* Task: Retype only the lines below from the one with "In Table 2 are" to the one with "У тимчасово окупованих", inclusive, skipping every image.

* Supplied material:
★ ★ ★ ★ ★

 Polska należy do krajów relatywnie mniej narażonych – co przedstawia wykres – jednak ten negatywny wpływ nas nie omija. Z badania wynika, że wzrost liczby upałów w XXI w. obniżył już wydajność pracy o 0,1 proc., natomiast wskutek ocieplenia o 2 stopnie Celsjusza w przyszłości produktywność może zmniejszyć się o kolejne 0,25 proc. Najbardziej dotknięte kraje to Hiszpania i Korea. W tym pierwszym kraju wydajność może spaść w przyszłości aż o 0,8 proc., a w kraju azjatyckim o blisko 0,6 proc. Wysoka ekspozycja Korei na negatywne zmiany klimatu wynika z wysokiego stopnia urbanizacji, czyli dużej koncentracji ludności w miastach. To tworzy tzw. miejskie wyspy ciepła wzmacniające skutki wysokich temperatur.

★ ★ ★ ★ ★

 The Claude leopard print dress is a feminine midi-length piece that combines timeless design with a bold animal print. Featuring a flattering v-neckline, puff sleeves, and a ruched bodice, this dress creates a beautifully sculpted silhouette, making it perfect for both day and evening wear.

★ ★ ★ ★ ★

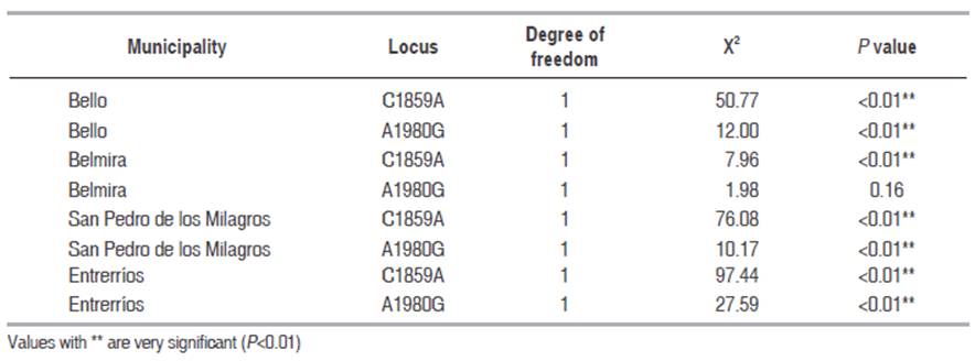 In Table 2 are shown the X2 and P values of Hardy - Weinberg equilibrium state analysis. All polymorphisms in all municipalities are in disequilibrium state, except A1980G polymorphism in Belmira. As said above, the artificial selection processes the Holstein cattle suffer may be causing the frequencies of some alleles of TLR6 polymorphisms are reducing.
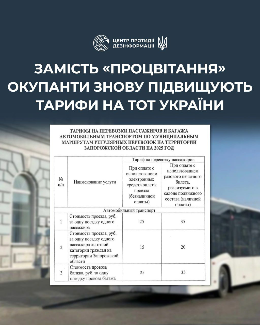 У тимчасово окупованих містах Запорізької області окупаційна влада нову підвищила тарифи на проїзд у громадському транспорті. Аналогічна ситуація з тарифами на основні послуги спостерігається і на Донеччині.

★ ★ ★ ★ ★

* Answer to this exercise:
 In Table 2 are shown the X2 and P values of Hardy - Weinberg equilibrium state analysis. All polymorphisms in all municipalities are in disequilibrium state, except A1980G polymorphism in Belmira. As said above, the artificial selection processes the Holstein cattle suffer may be causing the frequencies of some alleles of TLR6 polymorphisms are reducing.
 У тимчасово окупованих містах Запорізької області окупаційна влада нову підвищила тарифи на проїзд у громадському транспорті. Аналогічна ситуація з тарифами на основні послуги спостерігається і на Донеччині.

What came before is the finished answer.